The number of patients in the sanatorium varied. It depended on the numbers admitted, the number of deaths among residents and the number of patients who escaped or were discharged, Recently they were encouraged to be discharged, but for a long period, the segregation policy which caused leprosy stigma influenced the number of those who left and were readmitted into society.

===Directors===
- Masayuki Kawamura (Apr 1909-Jul 1933)
- Sadaaki Tamiya (Nov 1933-Jan 1934)
- Matsuki Miyazaki (Jun 1934-Sep 1958)
- Isamu Tajiri (Sep 1958-Jun 1963)
- Kazuchika Shiga (Jul 1963-Sep 1976)
- Shigeru Kumamaru (Dec 1976-Mar 1991)
- Jiro Mizuoka (Apr 1991-Mar 1994)
- Masao Yufu (Apr 1994-Apr 2004)
- Masataka Harada (May, 2004-)

===Other personalities===
- Yoshitsugu Satake: Recipient of the Sakurane Award in 1967 for the development of anti-leprosy medications.
- Mamoru Uchida: Teacher of tanka (short poems).
- Yutaka Kamikawa: (1892-2001) Japanese physician, who treated leprosy patients and studied leprosy.

===Four big incidents at Kikuchi Keifuen===

====Forced hospitalization of leprosy patients at Honmyoji Temple====

On July 9, 1940, 157 patients living around Honmyoji temple were forcibly hospitalized and sent to other sanatoriums.
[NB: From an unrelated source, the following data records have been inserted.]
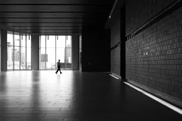 静かな音 静寂の中警備員が歩く足音が静かに響く。
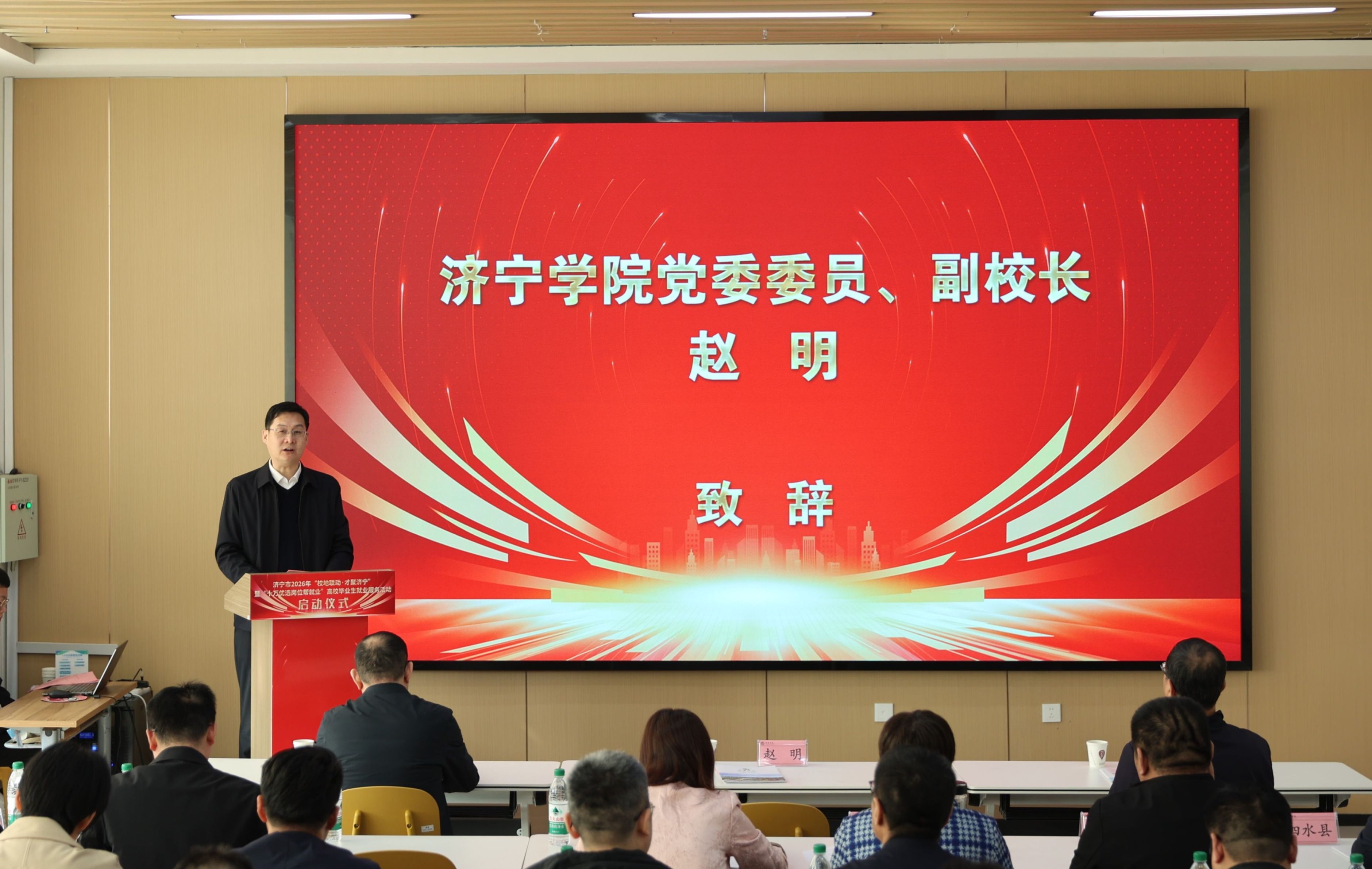 3月27日上午,由济宁学院、济宁市人力资源和社会保障局、济宁市总工会联合举办的2026年“校地联动・才聚济宁”高校毕业生就业服务活动启动仪式,在我校大学生就业创业赋能中心隆重举办。我校党委委员、副校长赵明,市就业人才中心党委副书记、市人社局办公室主任杨峰,市总工会三级调研员赵庆国等出席活动。各学院党委副书记、济宁市各县区人社部门负责人、师生企业代表参加仪式。我校学生工作处处长张静主持仪式。
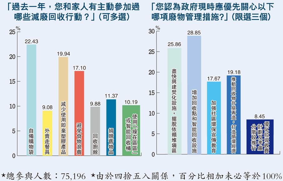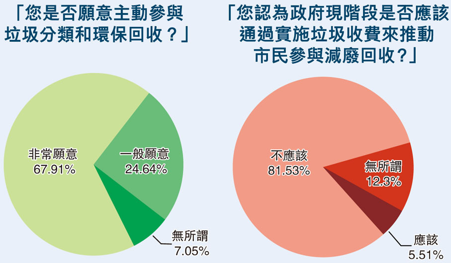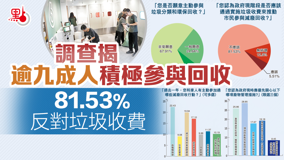 調查亦顯示,有81.53%受訪者認為現階段不應該推行垃圾收費,並優先支持政府增設回收點(28.85%)及興建焚化設施(25.86%),僅8.45%關注優化垃圾收費計劃。
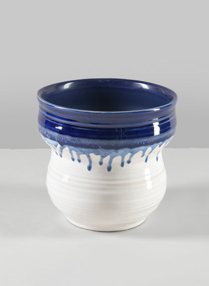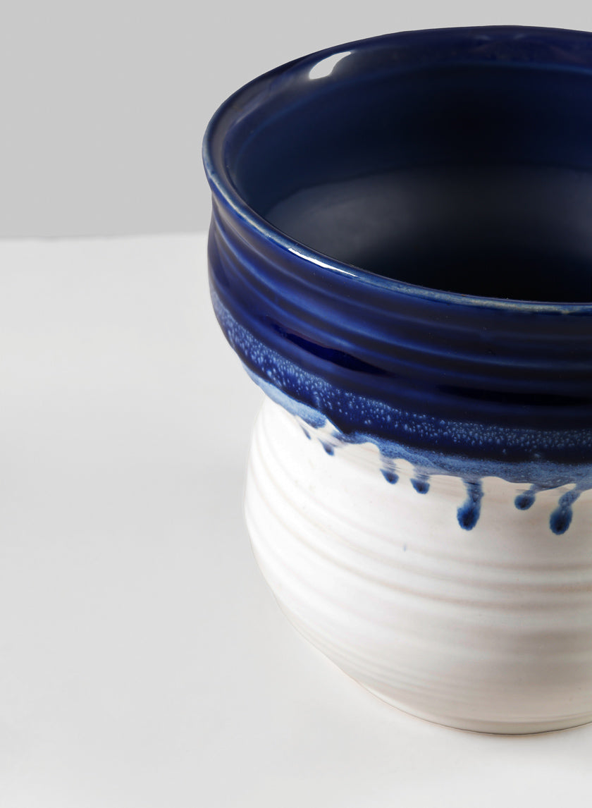 An elegant and eye-catching accent element for any plant setup, the Harami Running Blue Pot has a fluid creative glaze, a timeless color combination, and an eye-catching shape.
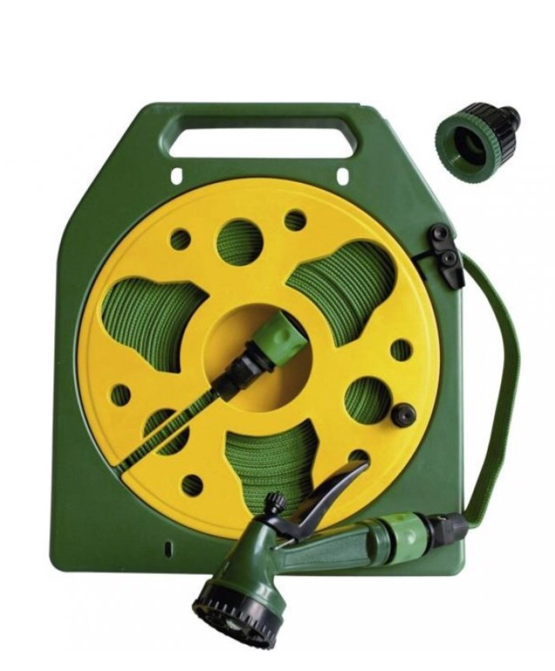 Der tolle platzsparende Flachschlauch hat den Praxistest nicht bestanden - liegt im Müll. Genutzt wird der Gardena  Spiralschlauch. (Foto: Reimo Katalog)
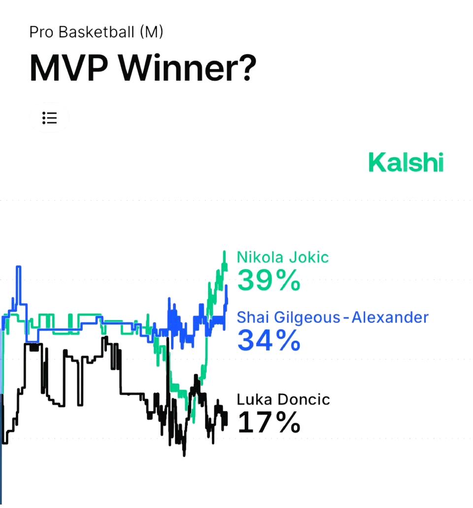 美媒列出本赛季三大MVP的趋势图。 约基奇是绿色线,现在是最大热门。 亚历山

This incident was also called the Honmyoji incident. This was considered to be one of the "no leprosy patients in our prefecture" movements.

====Fujimoto's case====
Matsuo Fujimoto was considered to have received unfair treatments in two trials because he was a leprosy patient.
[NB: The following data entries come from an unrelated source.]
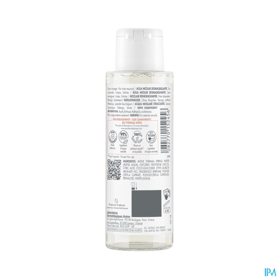 Deze micellaire make-upremover reinigt (en ontdoet de huid van vervuilingsdeeltjes *), hydrateert** en kalmeert het gezicht en de gevoelige ogen in één enkele beweging. Hij bevat 99% ingrediënten van natuurlijke oorsprong en bevat geen ingrediënten van dierlijke oorsprong. De huid is schoon, zacht, gekalmeerd en comfortabel. Dit frisse, subtiel geparfumeerde water verwijdert make-up en maakt de huid zacht in één eenvoudige en snelle beweging. Het verbetert de hydratatie en behoudt het natuurlijke evenwicht van de huid dankzij de combinatie van glycerine, trehalose en een hoge concentratie thermaal water van Avène met kalmerende eigenschappen. De formule bevat enkel de strikt noodzakelijke ingrediënten in de juiste hoeveelheid, om dermatologische doeltreffendheid en tolerantie te garanderen***. Het Micellair reinigingswater is geschikt voor dragers van contactlenzen. De verpakking van het Micellair reinigingswater 400 ml bevat 87% gerecycled materiaal. Het flesje is gemaakt van 100% gerecycled plastic****.
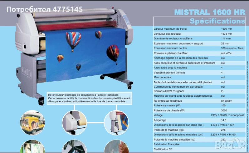Ширина на ламиниране до 1600мм, регулиране на натиска на валовете, скорост на движение на медията и температура на подгряване до 160°С.
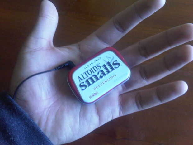 Ahora, [ut el reproductor de mp3 dentro de la bandeja, enchufe los auriculares, pulse play y cerrar la lata. ¡ Hurra! ¡ Lo hiciste! Dése una palmadita en la espalda!

====Tatsudaryo incident or Kurokami primary school incident====
Children born from patients with leprosy were denied schooling at Kurokami primary school in 1954. There were strikes, riots and no schooling for some time. After one year, three children finally attended the school from the house of Mr. Takahashi, the President of Kumamoto College of Commerce.
See also Tatsudaryo Incident

====Hotel reservation rejection incident====
Also called the Aisutaa incident, because of the name of the hotel. The hotel building was destroyed by the hotel administration.